Azure Data Factory – or ADF – is a data integration service built in the cloud. Like other data integration solutions, ADF is designed to perform ETL (Extract, Transform, and Load), ELT (Extract, Load, and Transform), and similar integration work.
Level 1 – What is ADF? – introduces Azure Data Factory, compares versions, and offers an introductory example.

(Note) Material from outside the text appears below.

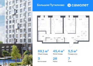 Предлагается 3-комнатная квартира комфорт-класса 69,09 кв.м в корпусе 28 на 7 этаже, в ЖК ''Большое Путилково''Квартира с чистовой отделкой. Доступность дополнительных опций уточняйте у застройщика.Приобрести квартиру возможно по специальным акциям от застройщика, с текущими условиями акций можно ознакомиться в блоке ''Акций''.Цена динамическая и может отличаться, уточняйте актуальность у застройщика.''Большое Путилково'' — масштабный жилой комплекс рядом с Алешкинским и Новогорским лесопарками. Мы уже построили и открыли 3 детских сада и школу, на первых этажах корпусов работают магазины, аптеки, кафе и пекарни. Удобное расположение проекта позволяет всего за 10 минут добраться до 4 станций метро.Во дворах обустроены детские площадки и зоны для отдыха. Все квартиры сдаются с готовой отделкой - переезжайте сразу после получения ключей!

This article discusses and examines provisioning ADF by example and configuring your Azure dashboard so you can easily reach your ADF instance in the future.
Creating an Azure Account
Visit azure.com to create a Microsoft Azure account. At the time of this writing, you may take advantage of an offer to start free:
Many Azure services are free, and Azure Data Factory is included in the list of free services at the time of this writing:
Visit https://azure.microsoft.com/en-us/free/ for details.
The Azure Portal
After creating your account, visit the Azure Portal and sign in. You may be presented with a Home page or Dashboard, similar to the dashboard shown here:
Provision an ADF Instance
To begin the process of provisioning an Azure Data Factory, click the “+ Create a resource” link circled in the image above. The New (or Create) page displays:
If you know where to find Azure Data Factory, you may navigate the list of Azure services categories. One path at the time of this writing is Analytics -> Data Factory:
An easier method is to search for “Data Factory” in the Azure Marketplace search textbox:
Click the Data Factory link to proceed.
Configuring and Creating an ADF Instance
At the time of this writing, the blade for configuring and creating a Data Factory initially appears as shown below:
“Why Do You Keep Writing ‘At the Time of This Writing’?”
Azure changes daily. The screenshots in this series of Stairway articles will become outdated. Maintaining the screenshots would be an exercise in futility, in the author’s opinion. When – not if – these screenshots appear differently, please do your best to adjust. Contact the author is you need help.
Complete the fields displayed in the “New data factory” blade, especially the fields marked as required:
I love that the default for the “Enable GIT” checkbox is checked. Why? Data engineering is software development. Software development best practices apply, and one such practice is: Use source control.
We will cover ADF’s GIT integration in a future stairway article. For now, uncheck the “Enable GIT” checkbox if you are following along at home.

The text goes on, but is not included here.